▸ **EXERCISE**: Everything below from the line with "Jupiler Pro League." through the line with "Dat zou je op" should be copied exactly, and nothing else; leave out the pictures.

Top of INFORMATION GIVEN

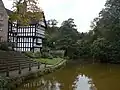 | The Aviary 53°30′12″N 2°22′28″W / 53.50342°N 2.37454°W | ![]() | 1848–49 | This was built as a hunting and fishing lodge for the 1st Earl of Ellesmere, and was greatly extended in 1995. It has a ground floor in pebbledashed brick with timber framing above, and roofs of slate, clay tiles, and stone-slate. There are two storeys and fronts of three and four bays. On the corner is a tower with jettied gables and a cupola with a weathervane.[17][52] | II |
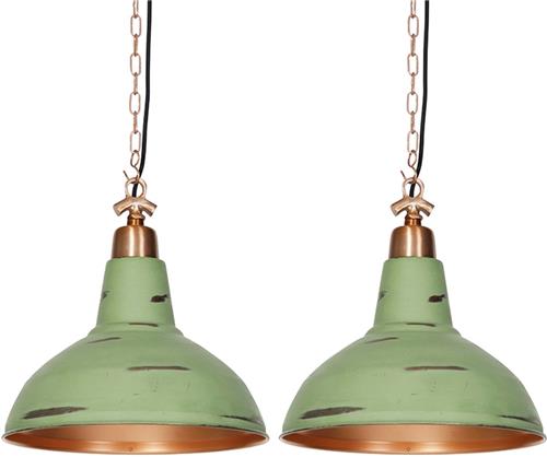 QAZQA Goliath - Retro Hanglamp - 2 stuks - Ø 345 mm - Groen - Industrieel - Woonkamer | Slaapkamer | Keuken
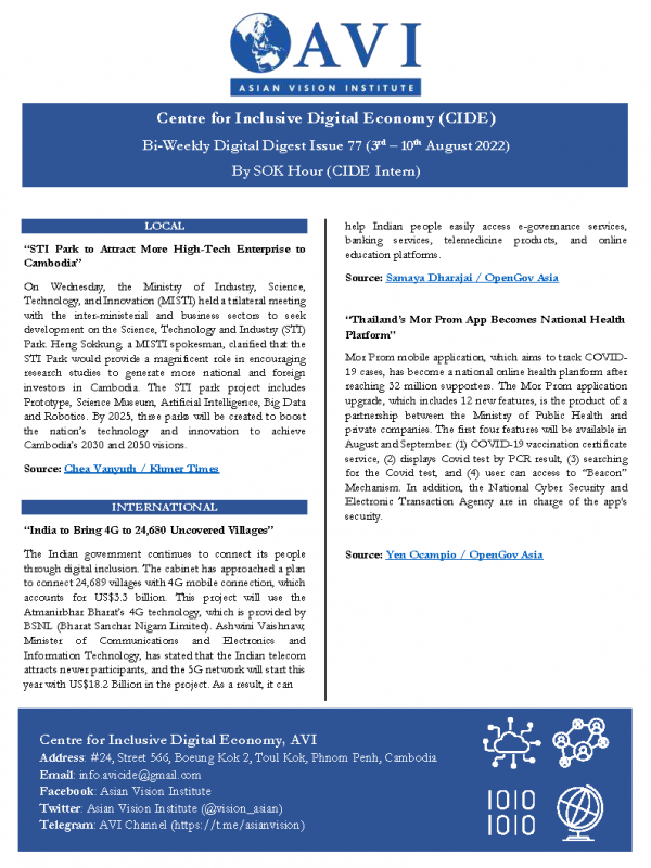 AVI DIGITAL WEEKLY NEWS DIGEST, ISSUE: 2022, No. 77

Bottom of INFORMATION GIVEN
Top of INFORMATION GIVEN

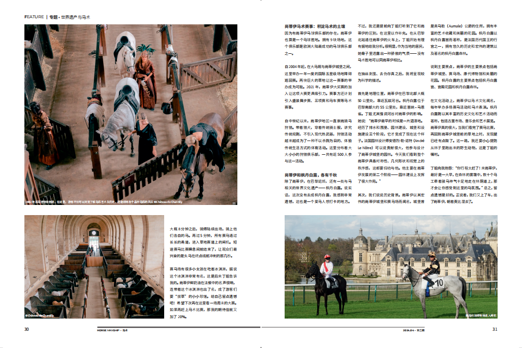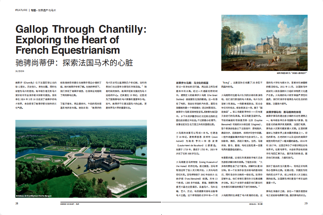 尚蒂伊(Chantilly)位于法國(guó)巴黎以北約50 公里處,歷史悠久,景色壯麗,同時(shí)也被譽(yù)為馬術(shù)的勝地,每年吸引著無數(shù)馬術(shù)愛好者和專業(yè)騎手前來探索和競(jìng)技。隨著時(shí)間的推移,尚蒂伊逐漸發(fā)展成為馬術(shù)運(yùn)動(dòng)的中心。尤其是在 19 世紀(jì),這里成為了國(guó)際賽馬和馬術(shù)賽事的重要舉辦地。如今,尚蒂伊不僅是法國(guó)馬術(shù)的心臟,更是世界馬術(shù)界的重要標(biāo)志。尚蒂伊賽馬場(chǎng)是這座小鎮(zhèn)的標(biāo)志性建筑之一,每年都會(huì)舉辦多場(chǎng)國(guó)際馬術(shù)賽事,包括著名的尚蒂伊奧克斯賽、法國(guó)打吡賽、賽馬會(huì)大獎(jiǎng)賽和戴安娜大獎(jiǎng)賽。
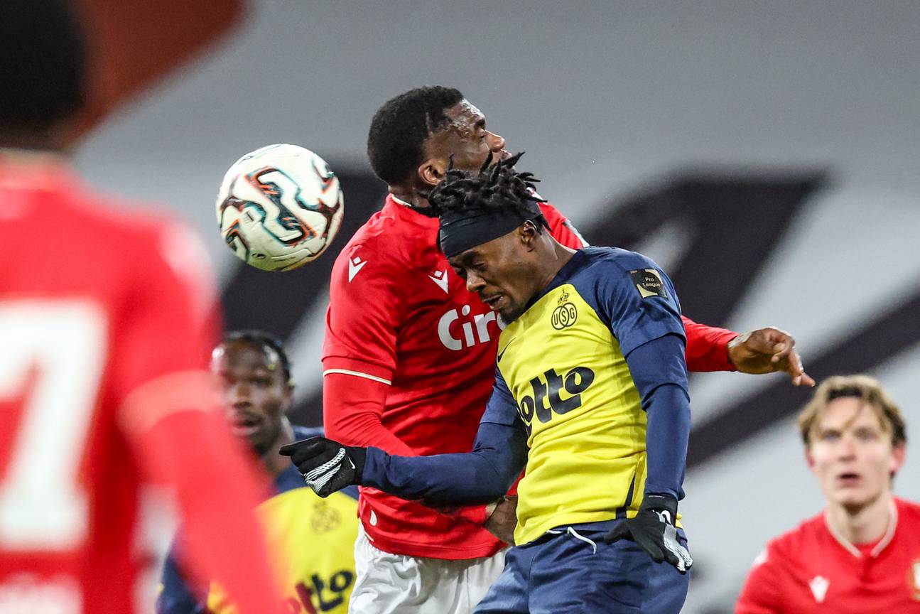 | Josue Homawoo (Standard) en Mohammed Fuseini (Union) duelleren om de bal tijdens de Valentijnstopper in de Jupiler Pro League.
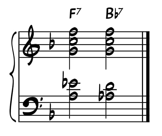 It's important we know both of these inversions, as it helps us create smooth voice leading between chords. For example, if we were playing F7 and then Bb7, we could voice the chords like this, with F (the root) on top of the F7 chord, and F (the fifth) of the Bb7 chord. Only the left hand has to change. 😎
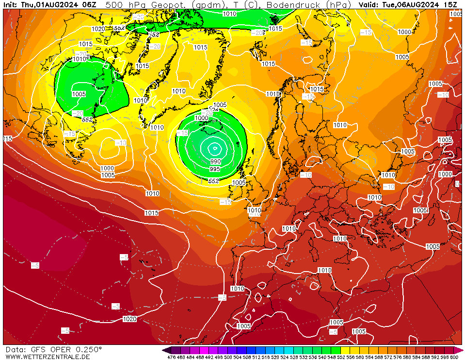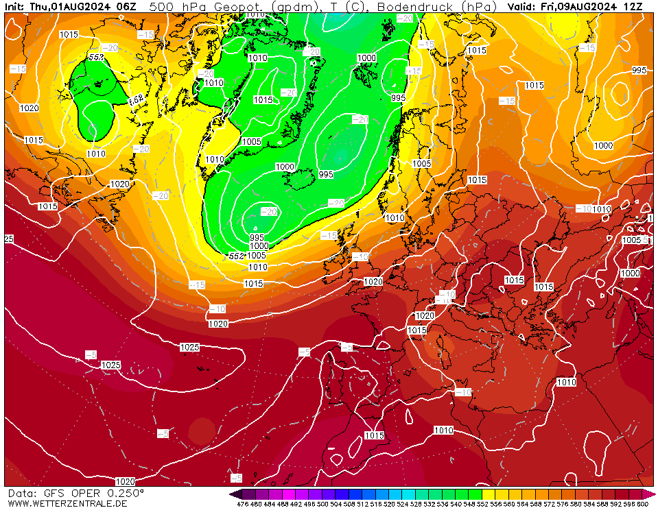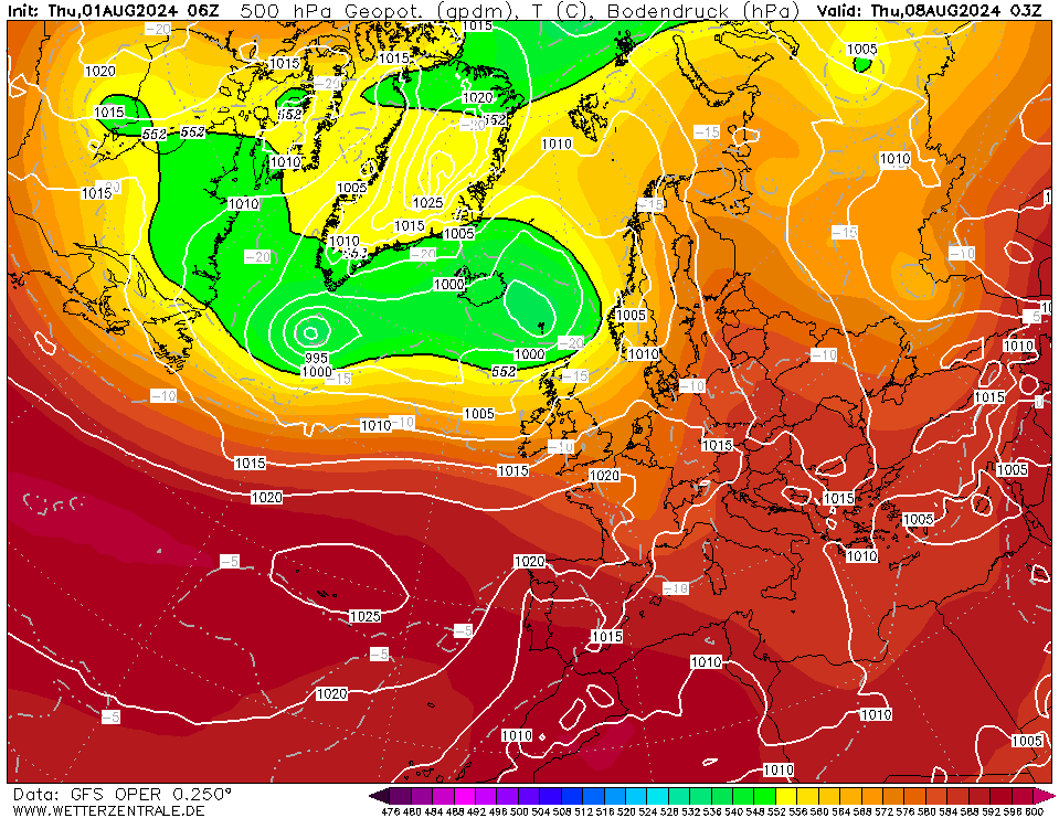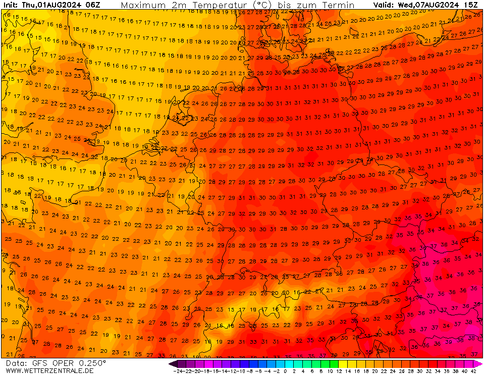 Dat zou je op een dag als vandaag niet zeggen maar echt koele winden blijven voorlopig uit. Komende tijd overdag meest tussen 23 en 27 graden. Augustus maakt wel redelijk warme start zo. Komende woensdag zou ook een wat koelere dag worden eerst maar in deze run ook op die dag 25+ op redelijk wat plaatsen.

Bottom of INFORMATION GIVEN
Top of INFORMATION GIVEN

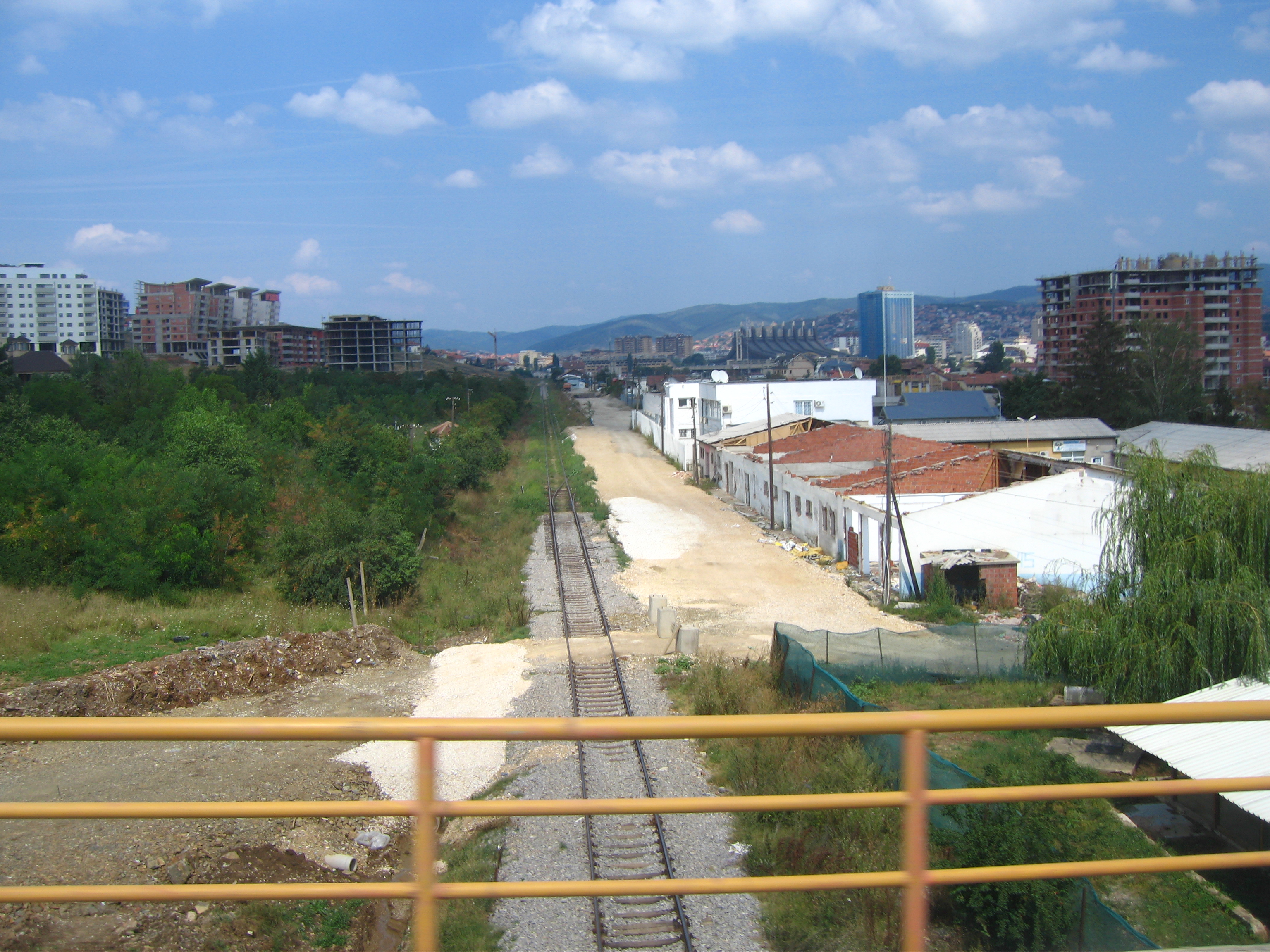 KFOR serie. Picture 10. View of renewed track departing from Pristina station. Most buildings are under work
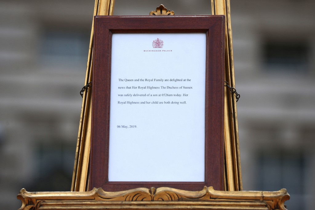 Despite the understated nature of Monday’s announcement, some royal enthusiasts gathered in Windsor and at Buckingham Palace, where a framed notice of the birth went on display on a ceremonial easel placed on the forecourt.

Bottom of INFORMATION GIVEN

▸ **TASK OUTPUT**:
 | Josue Homawoo (Standard) en Mohammed Fuseini (Union) duelleren om de bal tijdens de Valentijnstopper in de Jupiler Pro League.
 It's important we know both of these inversions, as it helps us create smooth voice leading between chords. For example, if we were playing F7 and then Bb7, we could voice the chords like this, with F (the root) on top of the F7 chord, and F (the fifth) of the Bb7 chord. Only the left hand has to change. 😎
 Dat zou je op een dag als vandaag niet zeggen maar echt koele winden blijven voorlopig uit. Komende tijd overdag meest tussen 23 en 27 graden. Augustus maakt wel redelijk warme start zo. Komende woensdag zou ook een wat koelere dag worden eerst maar in deze run ook op die dag 25+ op redelijk wat plaatsen.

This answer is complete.